Unless these new members are given a party to which they can relate with functioning and accessible local branches that have a political life and a campaigning profile they will not last very long. There was a stress on having local meetings, but there was also opposition by some to what they called ‘traditional meetings’ which seems to be an opposition to meetings of the members to discuss politics in favour of set-piece meetings with outside speakers. What is really needed is a mixture of both.

I argued, as did several others, that Respect needs take advantage of its election results to make a fresh approach to the trade union left - particularly those union leaders who remained awkward and continued to confront the employers.

If Respect lets the current period go past without making new gains in the unions it would be a serious problem. Mass recruitment is important but so is the recruitment of established activists and socialists who remain outside of Respect.

There was also some discussion on the Greens and the sectarian stance they had taken towards Respect during the election campaign. Although no one expected them to change it was felt that given the showing of Respect in the election it would be worth approaching them again for at least a non-aggression pact in future elections. Maybe political reality or crude self-interest would change their position.

The missing factor in the discussion as John Lister pointed out was the issue of a Respect newspaper or/publication. This had been agreed in principle by the Respect conference last year, but not progressed since for various reasons. How it could be possible, he asked, to have an effective mass-membership party without a party publication? How could it be a campaigning organisation without a publication in which to advance its campaigns?

The lack of a publication has meant that Respect has not even been able to present its election results in an accessible form for members in many parts of the country. The upshot was that arrangements were made for a sub-committee to meet to discuss the implementation ofthe conference decision for a paper - which everyone said they were not opposed to in principle. However, there is not so much agreement on what a publication should be.

John is arguing to begin with something on the scale of a regular, monthly or bi-monthly, eight or twelve page tabloid publication, whilst leading members of the SWP appear to be arguing for an occasional four page broad-sheet, or a "magazine": Leading SWPers have questioned whether Respect could sustain a monthly. No doubt the issue will come back to the next National Council.

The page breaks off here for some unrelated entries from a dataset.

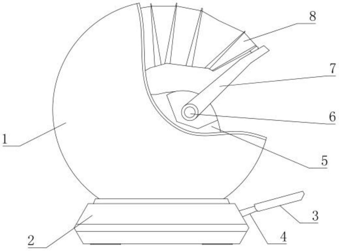本实用新型公开了一种可报警的安全型儿童安全座椅,包括座椅主体和支撑座,座椅主体上端部一侧设有乘坐区,乘坐区下端部设有座板支撑件,乘坐区上端部设有折叠式遮阳布,乘坐区两侧设有防护侧板,防护侧板与座椅主体侧壁固定连接,防护侧板上连接有防护束板,防护束板置于乘坐区一侧并呈半环形放置,其两端通过松紧螺栓与防护侧板侧壁铰接;与传统报警式儿童安全座椅有所不同的是,座椅内设置有乘坐区,乘坐区外连接有环形设置的防护束板,能在乘坐时,防止儿童跌落,同时防护束板能在转动中与位于座椅上的折叠式遮阳布进行配合,使乘坐区形成一个较为封闭的区域,进而达到遮风挡阳的作用,安全可靠。
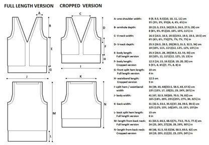 Easy for near beginners. Use one strand of yarn or multiple to make a chunky gauge. You also get to choose between a full length version or cropped version. Garment may be worn with the fabric reversed, as both RS and WS are equally attractive. It is worked as two pieces, flat, and seamed at sides and shoulders. Full length version has a high / low split hem. Cropped version has a deep waistband. This is a close-fitting garment and has approx 0-5 cm / 0-2 in of intended positive ease.
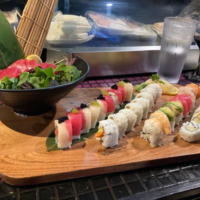 Fusion restaurant with a peaceful atmosphere offering Japanese and Asian cuisine including sushi, with both cooked dishes and all-you-can-eat options available.
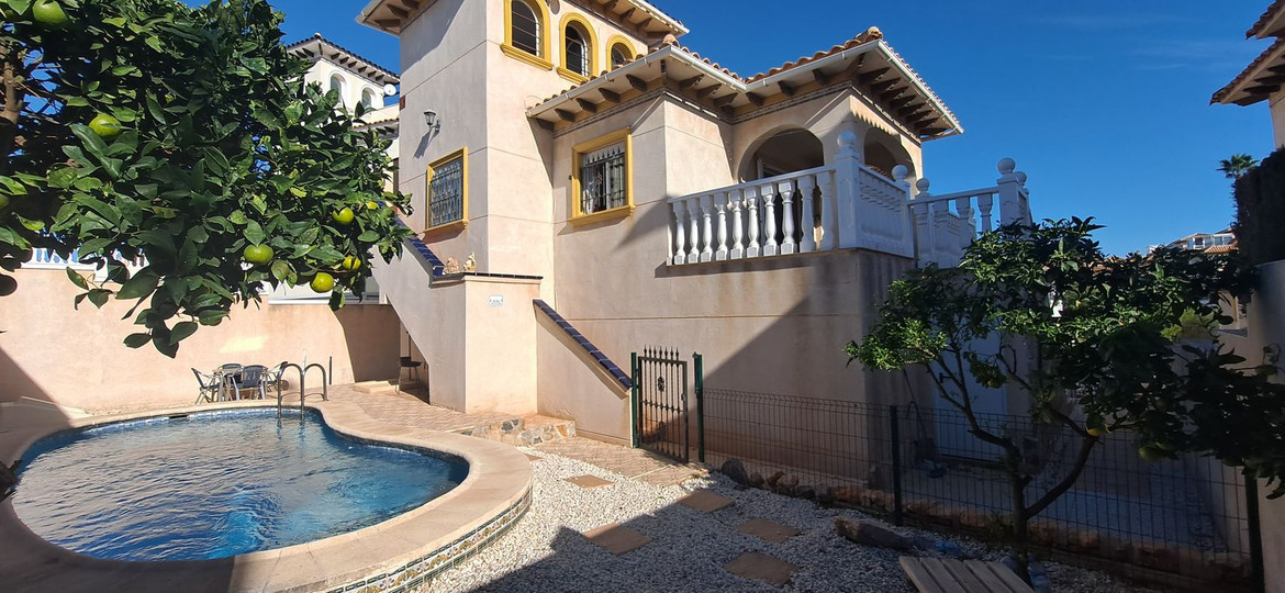 Exquisite Renovated Villa in the Heart of La Zenia, we are thrilled to present this beautifully renovated villa, perfectly situated in the vibrant area of La Zenia. Offering a seamless blend of modern comfort and convenience, this property is ideal for those seeking a prime location just minutes away from amenities and the popular La Zenia Boulevard. Prime Location: Just a 2-minute walk from La Zenia Boulevard, surrounded by bustling commercial hubs, restaurants, and entertainment options. Conveniently located between the lively areas of Playa Flamenca and La Zenia, making this the perfect spot for dining, shopping, and enjoying all the attractions of the Orihuela Costa. Main Villa: -South-Facing Terrace: Upon entering the villa via the external stairs, you're greeted by a spacious south-facing terrace that connects to the living and dining area through patio doors, flooding the space with natural light. Living & Dining Area: An inviting open-plan layout that provides a bright and spacious environment for relaxation and entertaining. Fully-Fitted Kitchen: The kitchen is well-equipped to cater to daily needs. Bedrooms & Bathroom: Two generously sized double bedrooms and a modern bathroom featuring both a bath and shower. Upper Level: Accessible via external stairs, the upper level boasts a private solarium, ideal for sunbathing, relaxation, or hosting social gatherings. An additional bedroom and bathroom on this floor provide extra comfort and privacy for guests or residents. Includes a renovated underbuild apartment on ground level which has been renovated into a fully self-contained 2-bedroom apartment. Living & Dining Area: Spacious and bright, perfect for extended family or visitors. Kitchen: A functional and modern kitchen area for added convenience. Bedrooms & Bathroom: Two large double bedrooms and a generous bathroom featuring a bath, shower, and WC.Outdoor Space: The villa offers a low-maintenance garden, perfect for enjoying the outdoors with ample seating areas to relax in the sun. A private pool adds to the property's appeal, offering a refreshing escape during the warm Spanish summers. This exceptional detached villa combines luxury, location, and flexibility, making it the perfect choice for anyone looking to enjoy the best of La Zenia and the surrounding area. Viewing is highly recommended to appreciate all the features this property has to offer. Contact us today to arrange your viewing!

Another important discussion was on next year’s local elections. It is the intention of Respect to stand a substantial number of candidates in targeted constituencies in those elections - particularly where it did well in the general election.

There is the possibility in East London that Respect could win substantial groups of councillors - or even win outright control in Tower Hamlets, although the real possibility of this is hard to assess.

John Rees stressed that this means having councillors who will be prepared to take part in mass campaigning against the government and in the end (as he said in the London Respect rally the previous week) being prepared to go to prison in the course of the struggle. He argued that the preparation for these elections has to begin now if we are to get the kind of results we got in the general election.